Walikota Makassar, Danny Pomanto, menanggapi kejadian tersebut dengan menegaskan komitmen pemerintah kota untuk meningkatkan keamanan publik. “Kita tidak akan membiarkan aksi kriminal mengganggu ketentraman warga. Penambahan pos keamanan dan patroli intensif akan segera diimplementasikan,” kata Pomanto.
Penggunaan busur sebagai senjata dalam serangan geng motor ini menimbulkan keprihatinan khusus di kalangan ahli keamanan. Dr. Irwan Setiawan, dosen Kriminologi Universitas Hasanuddin, menjelaskan bahwa senjata tradisional kembali populer di kalangan kelompok kriminal karena mudah didapat dan tidak terdeteksi oleh alat deteksi logam standar. “Busur dapat dibuat secara sederhana dengan bahan kayu atau fiberglass, sehingga sulit dilacak,” ungkapnya.
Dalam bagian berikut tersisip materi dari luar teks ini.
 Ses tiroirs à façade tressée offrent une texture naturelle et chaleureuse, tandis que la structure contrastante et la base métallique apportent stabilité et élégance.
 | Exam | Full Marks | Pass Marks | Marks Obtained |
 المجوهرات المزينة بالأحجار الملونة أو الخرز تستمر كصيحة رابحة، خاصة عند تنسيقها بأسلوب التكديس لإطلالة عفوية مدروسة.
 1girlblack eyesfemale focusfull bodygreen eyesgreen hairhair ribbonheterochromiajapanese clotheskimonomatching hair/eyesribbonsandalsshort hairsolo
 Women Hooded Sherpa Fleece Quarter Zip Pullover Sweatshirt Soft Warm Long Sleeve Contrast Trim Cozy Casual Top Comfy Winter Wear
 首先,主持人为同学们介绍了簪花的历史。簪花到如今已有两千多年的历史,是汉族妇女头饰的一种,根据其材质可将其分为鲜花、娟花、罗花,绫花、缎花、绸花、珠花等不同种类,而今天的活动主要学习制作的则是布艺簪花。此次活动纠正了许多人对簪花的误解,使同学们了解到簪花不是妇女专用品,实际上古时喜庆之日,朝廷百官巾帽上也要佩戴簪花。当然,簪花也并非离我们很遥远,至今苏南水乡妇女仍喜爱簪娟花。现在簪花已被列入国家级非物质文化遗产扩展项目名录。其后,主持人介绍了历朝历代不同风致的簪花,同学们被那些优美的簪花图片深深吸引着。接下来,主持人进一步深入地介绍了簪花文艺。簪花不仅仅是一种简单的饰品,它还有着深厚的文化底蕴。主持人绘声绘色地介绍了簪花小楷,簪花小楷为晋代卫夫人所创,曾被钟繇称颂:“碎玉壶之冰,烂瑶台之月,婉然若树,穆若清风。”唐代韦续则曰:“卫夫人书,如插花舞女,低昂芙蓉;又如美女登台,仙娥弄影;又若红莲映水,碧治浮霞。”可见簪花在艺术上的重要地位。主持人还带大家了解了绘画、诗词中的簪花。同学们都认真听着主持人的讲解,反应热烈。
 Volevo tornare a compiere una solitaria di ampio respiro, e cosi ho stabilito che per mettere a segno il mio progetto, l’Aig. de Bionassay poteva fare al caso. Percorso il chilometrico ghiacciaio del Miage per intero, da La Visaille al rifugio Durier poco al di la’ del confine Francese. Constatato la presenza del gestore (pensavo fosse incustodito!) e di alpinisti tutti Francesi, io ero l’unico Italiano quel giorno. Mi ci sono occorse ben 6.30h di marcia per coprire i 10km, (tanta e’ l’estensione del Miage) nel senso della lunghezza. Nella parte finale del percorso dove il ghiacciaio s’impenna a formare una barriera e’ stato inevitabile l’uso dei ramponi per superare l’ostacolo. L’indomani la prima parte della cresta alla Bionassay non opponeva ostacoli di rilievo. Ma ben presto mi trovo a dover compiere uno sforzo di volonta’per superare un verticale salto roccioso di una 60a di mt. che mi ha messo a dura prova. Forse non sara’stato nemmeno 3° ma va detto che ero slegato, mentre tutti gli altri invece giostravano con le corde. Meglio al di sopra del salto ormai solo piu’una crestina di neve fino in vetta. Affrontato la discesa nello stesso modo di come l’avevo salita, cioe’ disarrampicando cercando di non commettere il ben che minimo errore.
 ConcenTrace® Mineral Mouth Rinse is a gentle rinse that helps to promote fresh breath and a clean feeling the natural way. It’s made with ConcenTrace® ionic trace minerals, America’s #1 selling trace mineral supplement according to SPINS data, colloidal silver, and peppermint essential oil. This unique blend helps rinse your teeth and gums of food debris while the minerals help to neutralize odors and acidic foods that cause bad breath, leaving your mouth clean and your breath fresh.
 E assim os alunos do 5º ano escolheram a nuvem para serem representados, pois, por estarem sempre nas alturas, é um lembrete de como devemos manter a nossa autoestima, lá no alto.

Sejumlah warga sekitar lokasi kejadian mengaku terkejut melihat aksi yang tidak biasa tersebut. “Saya biasanya melihat motor melaju cepat, bukan mereka yang berhenti dan menembakkan panah. Ini menakutkan,” kata Siti Nurhaliza, seorang pedagang pasar tradisional. Warga dilaporkan menghindari area tersebut hingga penyelidikan selesai.
Pihak kepolisian telah melakukan penangkapan terhadap lima tersangka yang diduga terlibat dalam perencanaan serangan. Seluruh tersangka berada dalam tahanan sementara dan sedang menjalani interogasi. Selain itu, polisi juga melakukan razia di beberapa daerah yang diduga menjadi basis operasional geng motor, termasuk wilayah Tamalanrea dan Bontoala.
Dalam upaya mencegah terulangnya insiden serupa, Polri mengumumkan program pelatihan khusus bagi anggota satuan taktis dalam menghadapi ancaman non-konvensional, termasuk penggunaan senjata tradisional. Program ini melibatkan kerja sama dengan Badan Nasional Penanggulangan Terorisme (BNPT) serta lembaga keamanan daerah.
Secara historis, geng motor di Makassar telah terlibat dalam sejumlah kasus kriminal, mulai dari perampokan, penyelundupan barang, hingga pertikaian antar geng. Pada tahun 2024, polisi berhasil membubarkan salah satu geng terbesar setelah penangkapan 12 anggota yang terlibat dalam perdagangan narkoba. Namun, munculnya kelompok baru dengan taktik yang lebih kreatif menunjukkan tantangan yang terus berkembang bagi aparat penegak hukum.
Dengan meningkatnya intensitas serangan geng motor di kota ini, masyarakat diimbau untuk tetap waspada dan melaporkan aktivitas mencurigakan kepada pihak berwajib. Pemerintah daerah berjanji akan memperkuat koordinasi antara kepolisian, dinas perhubungan, dan komunitas setempat demi menciptakan lingkungan yang lebih aman.
Penanganan kasus ini masih dalam tahap investigasi lanjutan. Kepolisian berharap dapat mengungkap jaringan yang lebih luas di balik penggunaan busur dan menindak tegas semua pihak yang terlibat, demi menegakkan supremasi hukum di Makassar.